**What to produce:** All of the data, word for word and free of pictures, is the expected result.

Extracted data section start

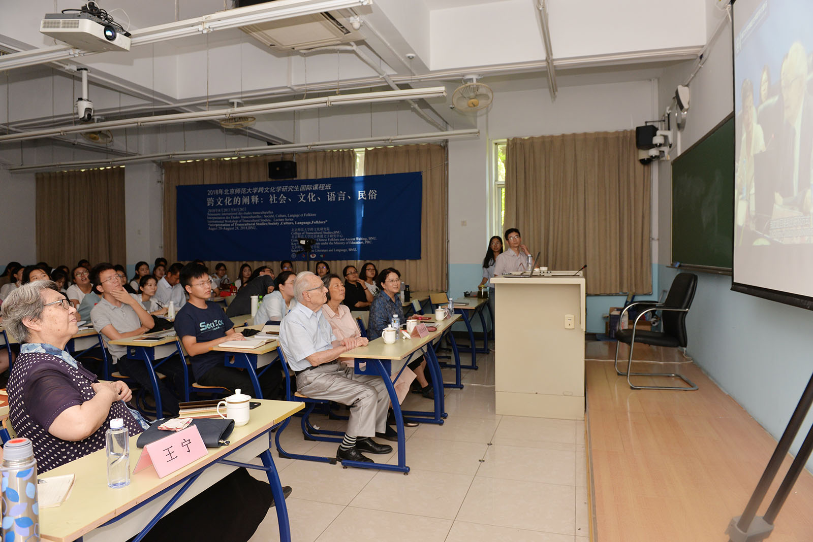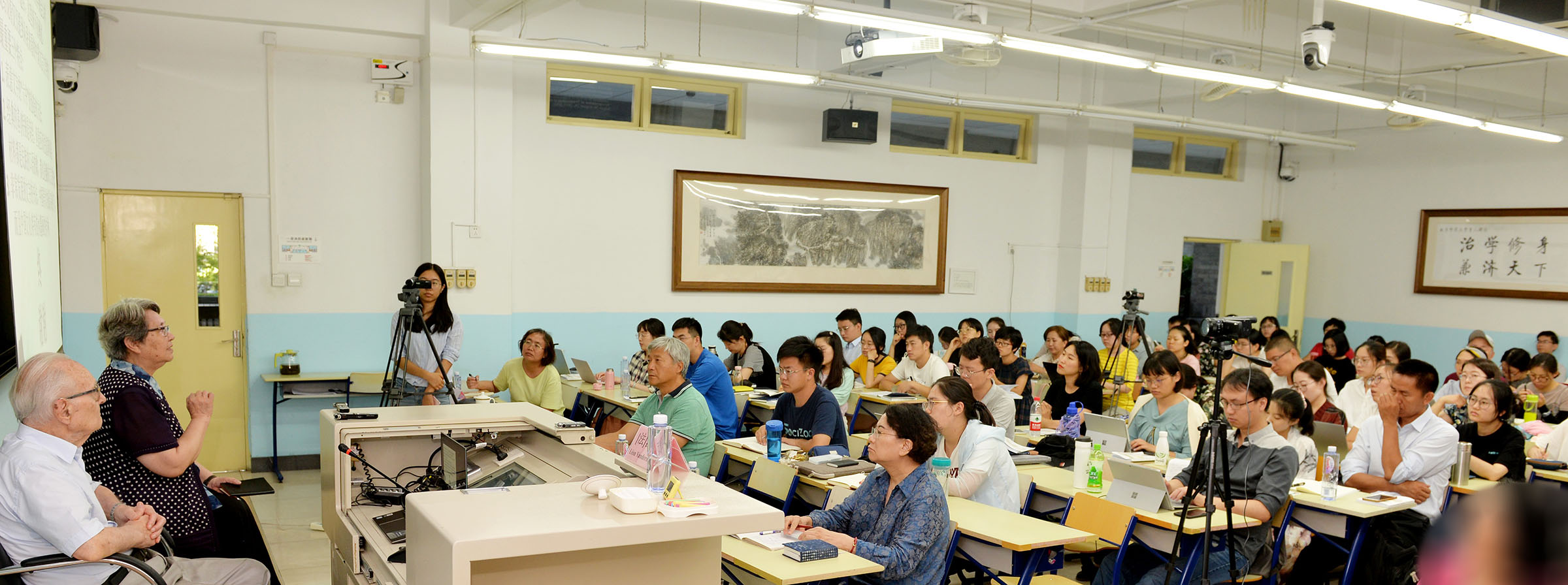 優(yōu)勢和局限。中國文言文有局限,但也有保持中國文化連續(xù)傳承的優(yōu)勢,這也是跨文化的意義,不是讓我們變成他者,而是通過交流對話,來改造和促進(jìn)我們自身的發(fā)展。既要發(fā)展,又要保存自己的特色。兩位先生學(xué)識淵博,侃侃而談,激發(fā)了在場全體師生的極大興趣,教室內(nèi)座無虛席,教室門口也擠滿了人。青年教師、博士研究生和碩士研究生紛紛提問,兩位先生耐心作答,不知不覺中時(shí)間飛逝而過。
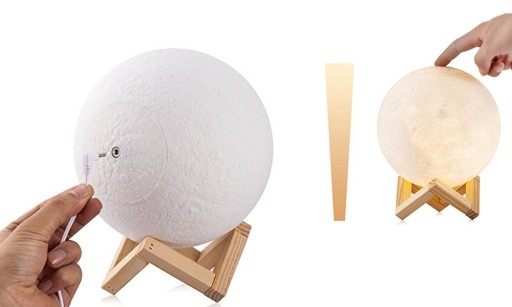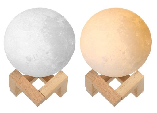 Lampka imitująca Księżyc jest doskonałą, uniwersalną dekoracją, która nada się do każdego wnętrza, niezależnie od stylu czy funkcji użytkowej. Np. sypialni, pokoju dziecięcego czy salonu. Do zestawu dołączony jest drewniany stojak, który ochroni akcesorium przed upadkiem oraz nadaje klasycznego, a jednocześnie designerskiego wyglądu. Obsługiwana jest za pomocą dotyku. Wystarczy, że dotkniesz jej spodu a kolor zmieni się automatycznie. Lampka posiada 2 tryby ciepły i zimny.
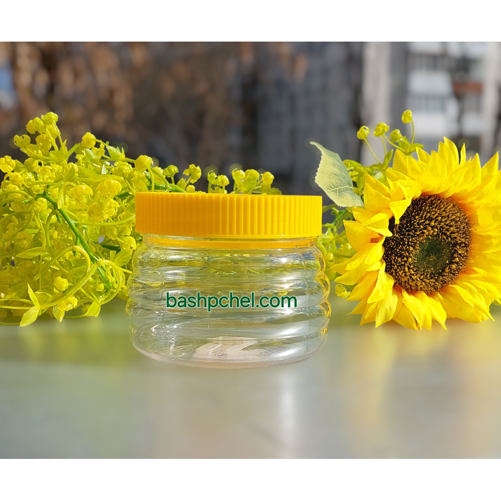 Баночка ПЭТ «Улей» предназначена для хранения и транспортировки мёда. Изготовлена из прозрачного пищевого пластика. В комплект идёт плотно завинчивающаяся крышка.
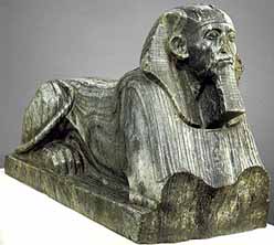 Amenemhet III is also attested to by an unusual set of statues probably of Amenemhet III and Senusret III that shows the two in archaic priestly dress and offering fish, lotus flowers and geese. These statues are very naturalistic. but show the king in the guise of a Nile god.. There was also a set of sphinxes that were once thought to have been attributable to the later Hyksos rulers, but are now believed to have been built on the orders of Amenemhet III. Originally all these statues were discovered reused in the Third Intermediate Period temples at Tanis. We also know of an inscription by the king at Koptos(Coptos).
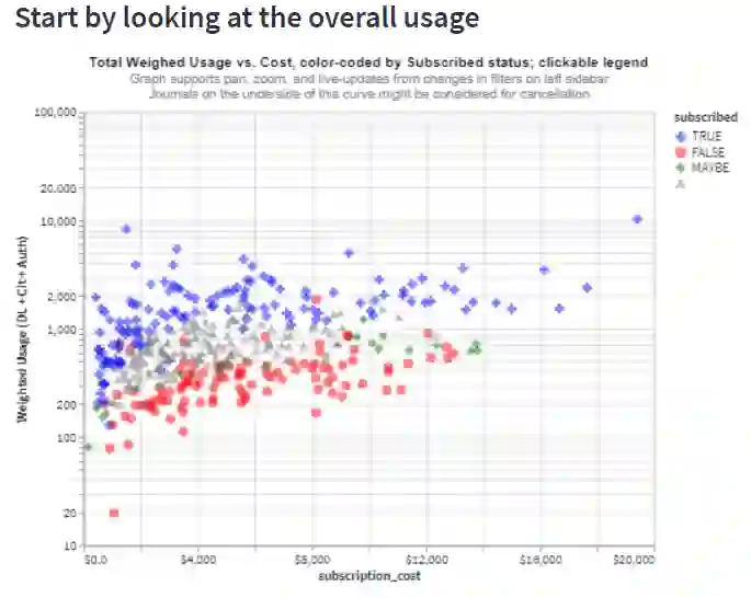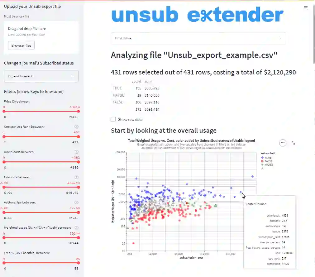 翻译:此篇文章引入了 Unsub 扩展器, 这是一个帮助图书馆分析其 Usub 数据导出文档的免费工具 。 Uunsub 是一个收集开发仪表板, 收集并预报日记级使用量的度量, 以便向学术图书馆提供比传统成本每用更深的测量数据。 Uunsub 提供更丰富、更细化的数据, 分析其订阅量, 但并不包含一个方便地视觉化它所提供的复杂和相互关联的数据点的方法 。 Uunsub 扩展器( https://unsubextender.lib. iastate.edu) 是一个免费 Python 的网络应用程序, 它使用 Unsuble Export 菜单, 并自动将创建互动图和可视化的图解创建。 工具中包含用于探索的示例数据, 用户上传其特定的非子文件文件, 以快速地用实际数据来显示预设的图。 图表是互动的, 启用和支持缩放版图, 能够更精确地将数据复制到 。

Extracted data section end

**Response to the exercise:**
 優(yōu)勢和局限。中國文言文有局限,但也有保持中國文化連續(xù)傳承的優(yōu)勢,這也是跨文化的意義,不是讓我們變成他者,而是通過交流對話,來改造和促進(jìn)我們自身的發(fā)展。既要發(fā)展,又要保存自己的特色。兩位先生學(xué)識淵博,侃侃而談,激發(fā)了在場全體師生的極大興趣,教室內(nèi)座無虛席,教室門口也擠滿了人。青年教師、博士研究生和碩士研究生紛紛提問,兩位先生耐心作答,不知不覺中時(shí)間飛逝而過。
 Lampka imitująca Księżyc jest doskonałą, uniwersalną dekoracją, która nada się do każdego wnętrza, niezależnie od stylu czy funkcji użytkowej. Np. sypialni, pokoju dziecięcego czy salonu. Do zestawu dołączony jest drewniany stojak, który ochroni akcesorium przed upadkiem oraz nadaje klasycznego, a jednocześnie designerskiego wyglądu. Obsługiwana jest za pomocą dotyku. Wystarczy, że dotkniesz jej spodu a kolor zmieni się automatycznie. Lampka posiada 2 tryby ciepły i zimny.
 Баночка ПЭТ «Улей» предназначена для хранения и транспортировки мёда. Изготовлена из прозрачного пищевого пластика. В комплект идёт плотно завинчивающаяся крышка.
 Amenemhet III is also attested to by an unusual set of statues probably of Amenemhet III and Senusret III that shows the two in archaic priestly dress and offering fish, lotus flowers and geese. These statues are very naturalistic. but show the king in the guise of a Nile god.. There was also a set of sphinxes that were once thought to have been attributable to the later Hyksos rulers, but are now believed to have been built on the orders of Amenemhet III. Originally all these statues were discovered reused in the Third Intermediate Period temples at Tanis. We also know of an inscription by the king at Koptos(Coptos).
 翻译:此篇文章引入了 Unsub 扩展器, 这是一个帮助图书馆分析其 Usub 数据导出文档的免费工具 。 Uunsub 是一个收集开发仪表板, 收集并预报日记级使用量的度量, 以便向学术图书馆提供比传统成本每用更深的测量数据。 Uunsub 提供更丰富、更细化的数据, 分析其订阅量, 但并不包含一个方便地视觉化它所提供的复杂和相互关联的数据点的方法 。 Uunsub 扩展器( https://unsubextender.lib. iastate.edu) 是一个免费 Python 的网络应用程序, 它使用 Unsuble Export 菜单, 并自动将创建互动图和可视化的图解创建。 工具中包含用于探索的示例数据, 用户上传其特定的非子文件文件, 以快速地用实际数据来显示预设的图。 图表是互动的, 启用和支持缩放版图, 能够更精确地将数据复制到 。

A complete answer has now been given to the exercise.